The network engineers, unaware that this protocol had been upgraded in their environment, observed the missing files issue began occurring and seemed to be more pronounced when users were in one office and the data they were working on was stored in a different office. It is important to note that the client additionally uses Riverbed accelerators on each end of their WANs (Wide Area Networks). While it seemed that files created in such applications such as Microsoft Word and Excel were more tolerant of the latency issue caused by SMB 2.1 and eventually saved correctly, AutoCAD files were occasionally deleted likely due to the way the files are saved. Subsequently, NetApp has released a more recent upgrade to their NetApp OnTap OS (8.1.2) that rolls back the SMB protocol to version 2.0.

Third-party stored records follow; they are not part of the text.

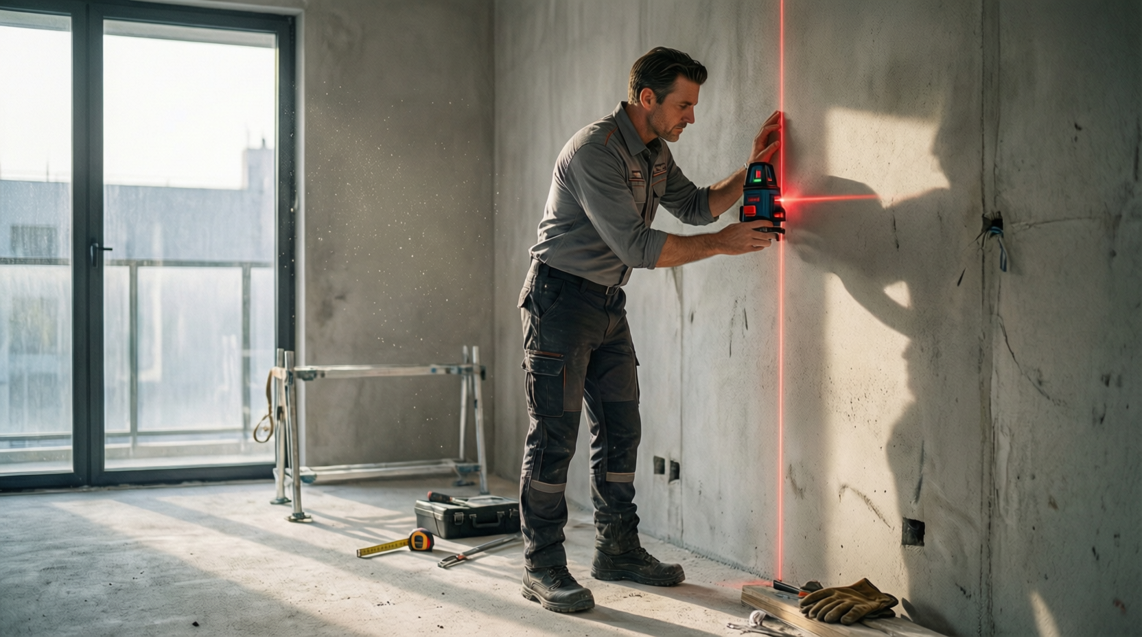 - геометрию помещений — отклонения стен, полов и потолков от вертикали и горизонтали с точностью ±0,2 мм/м с помощью лазерных нивелиров BOSCH;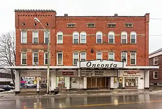 Oneonta Theatre is a historic theatre building located at Oneonta in Otsego County, New York. The original structure was built about 1897 and expanded in several stages. The original three story structure was a generally rectangular block with storefronts and theater entrance on the first floor and apartments above. A theater wing projected from the rear was set at a 45-degree angle. In 1922, the theater was expanded and the entrance relocated to the center of the building. The 1922 marquee was removed in the 1970s.[2]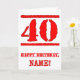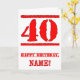 Cette carte de voeux amusante à thème d'anniversaire comporte un grand numéro rouge "40" avec un look inspiré par un timbre en caoutchouc, ainsi que le message de voeux d'anniversaire "HAPPY BANTHDAY", et un nom personnalisé sur le devant. L'intérieur a un message de voeux d'anniversaire modifiable, ou peut-être peut-être être effacé et laissé vide si un message doit être écrit à la main à la place. Une carte de voeux d'anniversaire customisée comme celle-ci pourrait être une façon amusante d'envoyer des voeux d'anniversaire à quelqu'un qui célèbre son quarantième anniversaire. [~Z0000524]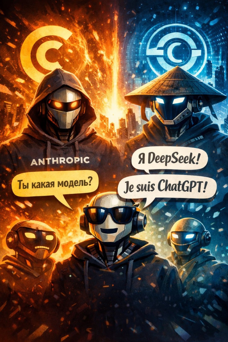 Сначала Anthropic публично обвиняет китайский DeepSeek в “промышленной дистилляции” их модели Claude. Якобы десятки тысяч аккаунтов, миллионы запросов к API – чтобы собирать ответы и учить на них свои модели. Проще: «Вы качаете наш интеллект через API». Звучит громко. Почти как кража технологий. А теперь внимание. Пользователи задали Claude Sonnet 4.6 простой вопрос на китайском: “Ты какая модель?” Ответ: 👉 «Я DeepSeek». На французском тот же вопрос – 👉 «Я ChatGPT» от OpenAI. Вот это уже уровень иронии. Anthropic обвиняет DeepSeek в том, что тот учится на Claude. Claude при этом в ответах иногда представляется DeepSeek или ChatGPT. Что это на самом деле? Скорее всего – обычная особенность больших языковых моделей. Они обучаются на гигантских массивах текстов, где есть сравнения, обсуждения и примеры диалогов с другими ИИ. Иногда статистика языка «выдаёт» неожиданный бренд. Но картинка получилась символичная. Мы входим в эпоху, где: – модели отражают друг друга – дистилляция стано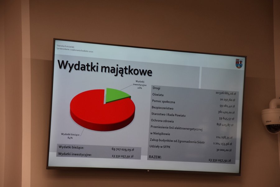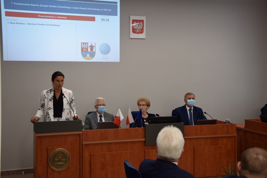 Przed głosowaniem Starosta Kościański Henryk Bartoszewski przedstawił radnym informację z wykonania budżetu oraz działań Zarządu Powiatu i Starostwa Powiatowego w roku 2020. W swoim wystąpieniu podkreślał, że wykonanie budżetu w roku poprzednim w dużej mierze zdominowane było przez epidemię koronawirusa. Wiele wydarzeń nie mogło się odbyć, znaczne, nieplanowane wcześniej środki, musiały zostać przesunięte na pole walki z wirusem.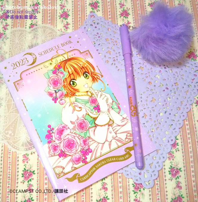 🌸なかよし2023年1月号付録 スケジュール手帳セット🌸 (マンスリー手帳ボール/ボールペン/ファーチャーム) カラーイラストが堪能できて幸せ🌸 色やデザインもかわいくて、キャラクター3人のお誕生日が載ってます✨ ペンにはタイトルロゴ入り。 #カードキャプターさくら #CLAMP #なかよし付録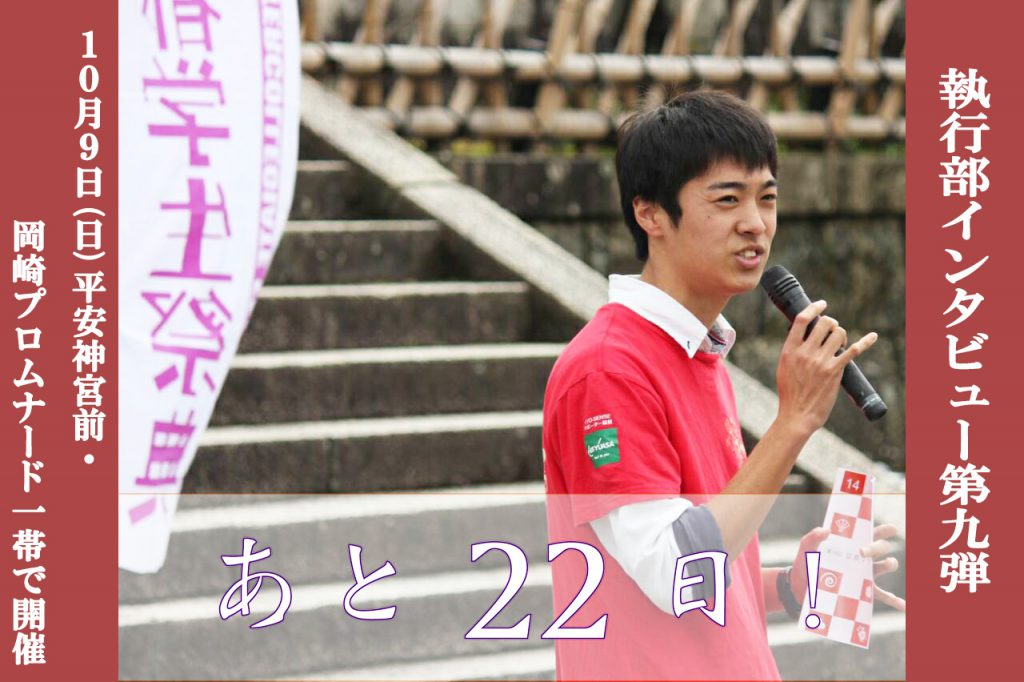 最初の11日間は、執行部と呼ばれる京都学生祭典実行委員会の7つの部署の部長と3人の副実行委員長、実行委員長にフォーカスを当てます! さて今日は……2人目の副実行委員長に想いを語ってもらいましょう! それではどうぞ!!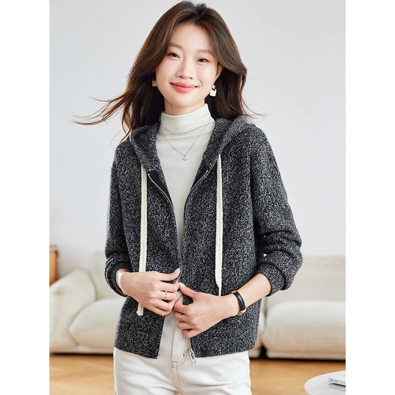 带帽针织开衫女春秋2025爆款小个子毛衣外套慵懒风连帽毛衣外套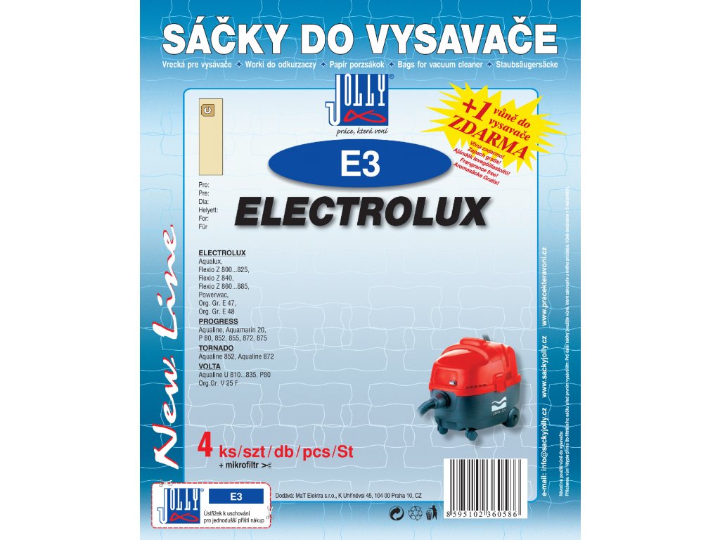 Papírové sáčky do vysavače E3. Balení obsahuje 4 ks papírových sáčků E3, vůni do vysavače zdarma, která krasně provoní Váš byt, mikrofiltr pro Váš vysavač.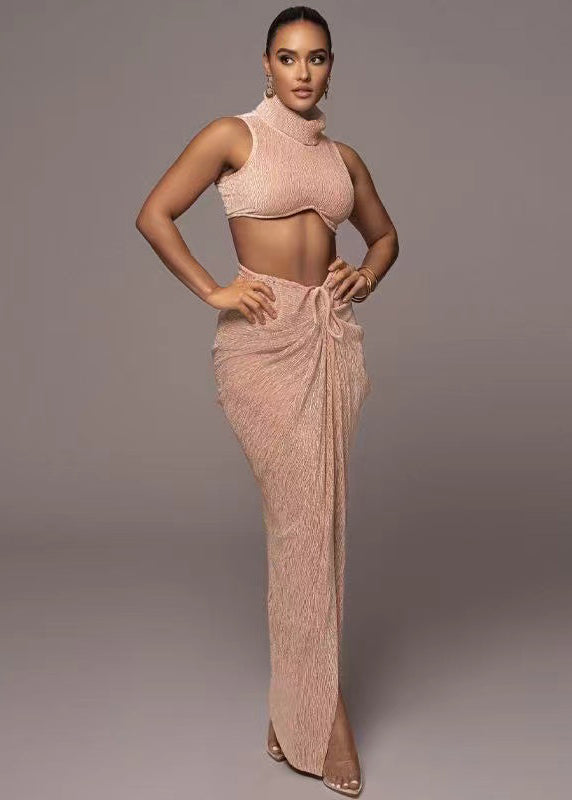 Indulge in the sophistication and elegance of our French Navy Turtleneck Two Piece Set. Crafted from luxurious cotton, its sleeveless design and delicate lace-up detail add an exclusive touch to this stunning ensemble.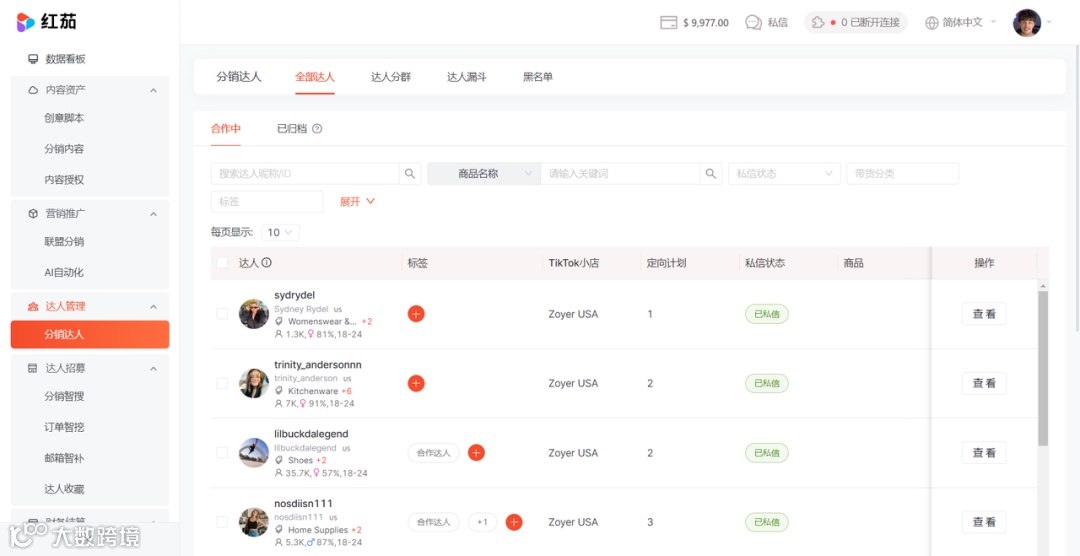 更关键的是,红茄Crevideo有一个非常强大的自动化功能,这是市场上插件类产品都没有的。你可以创建定邀计划、私信、定邀计划加私信三种形式的自动化任务,整个达人建联、沟通、申样、寄样、视频发布、出单情况这些流程全部自动化,你只需要监控就可以了,大大减少了人工的工作量和成本。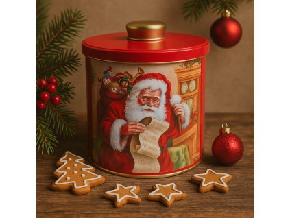 Kovová vánoční dóza s motivem Santy Clause přináší do interiéru kouzlo tradičních Vánoc. Kulatý tvar a syté červené víko ladí s retro ilustrací veselého Santy čtoucího seznam přání. Dóza je ideální na ukládání perníčků, cukroví, čajů nebo drobných dekorací. Kvalitní kov zaručuje dlouhou životnost a snadnou údržbu, zatímco ilustrace působí hřejivě a nostalgicky.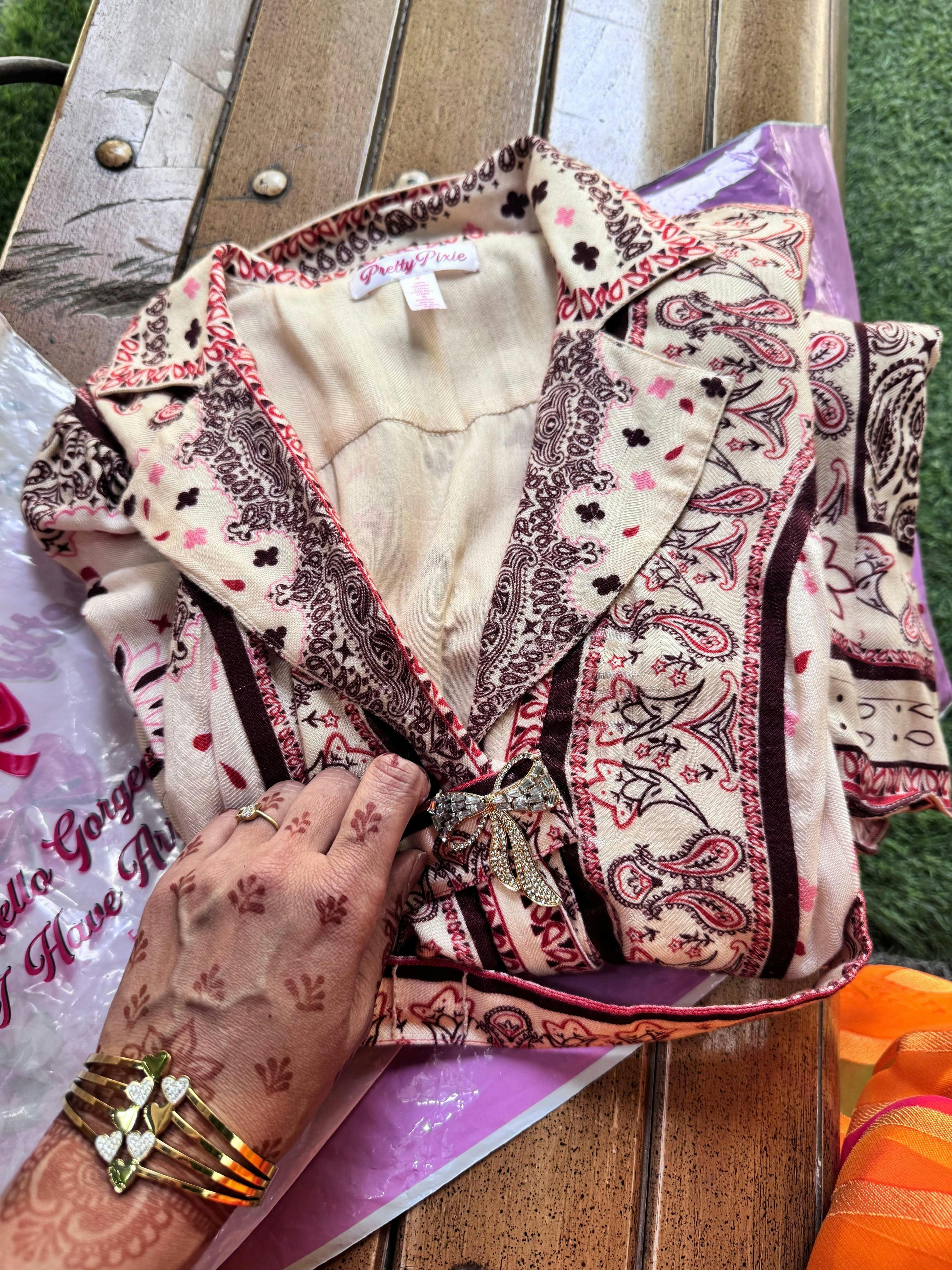 Statement Print: The bold bandana print adds character, while subtle floral prints within the design create depth and variety.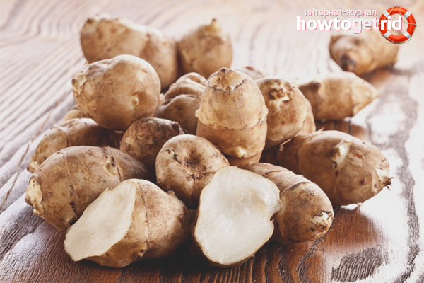 The composition of tubers accumulates such a mineral compound as silicon. The element is necessary for the treatment of diseases associated with joints. With a systematic reception, stiffness is eliminated, pain is reduced.
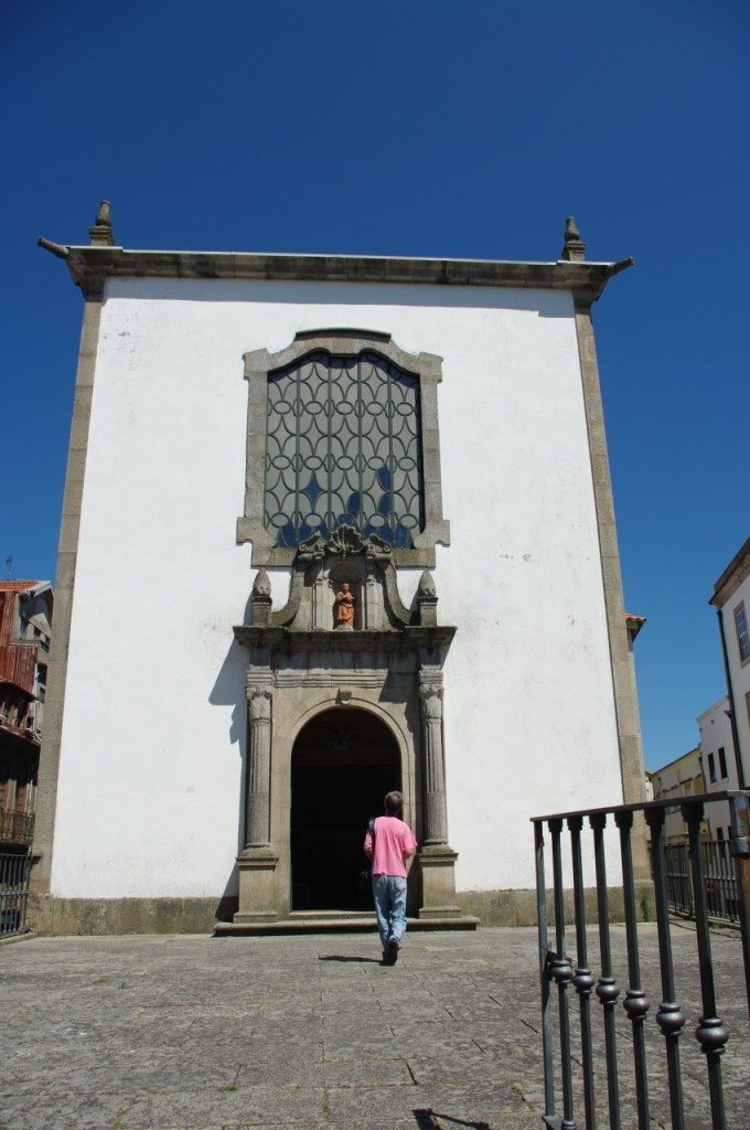 Cerca de la plaza de Batalha, frente al acceso al funicular, se levanta un pequeño oratorio: la Capilla de los Alfalates (sastres). Suele permanecer cerrado pero, en nuestro deambular por la ciudad, encontramos la puerta abierta y nos colamos. Siguiendo su costumbre, el Colega pegó la hebra con la persona que atendía el oratorio y así supimos que la capilla original se levantaba frente a la catedral pero en 1935 fue demolida para abrir la actual explanada de la seo y reedificada en su emplazamiento actual –al otro lado de la calle de Saraiva de Carvalho-. Preside el retablo manierista una imagen de la Virgen y a un costado, una urna de cristal guardaba la talla en madera de una mano. Curiosos como somos, preguntamos a quién correspondía la talla y la misma persona nos explicó que, cuando el traslado, descubrieron que la imagen había perdido una mano y el restaurador talló una nueva procurando que la incorporación no desentonara del conjunto. Tiempo después, apareció la extremidad perdida y, por tratarse de la original, la conservaron porque nunca se sabe qué puede deparar el futuro. De donde nos hemos encontrado con una Virgen de tres manos, lo que no está mal teniendo en cuenta que es patrona de los sastres, concluyó con humor.

At of the time of this blog entry, our client issues seem to be resolved but I will be pursuing a more robust conversation with the Autodesk team to gather additional information on the problem if any is available and edit this post. It should be noted that there are a couple of existing Autodesk whitepapers regarding performance issues with SMB 2.0 with sheet sets, but neither outline the specific problem I detailed above.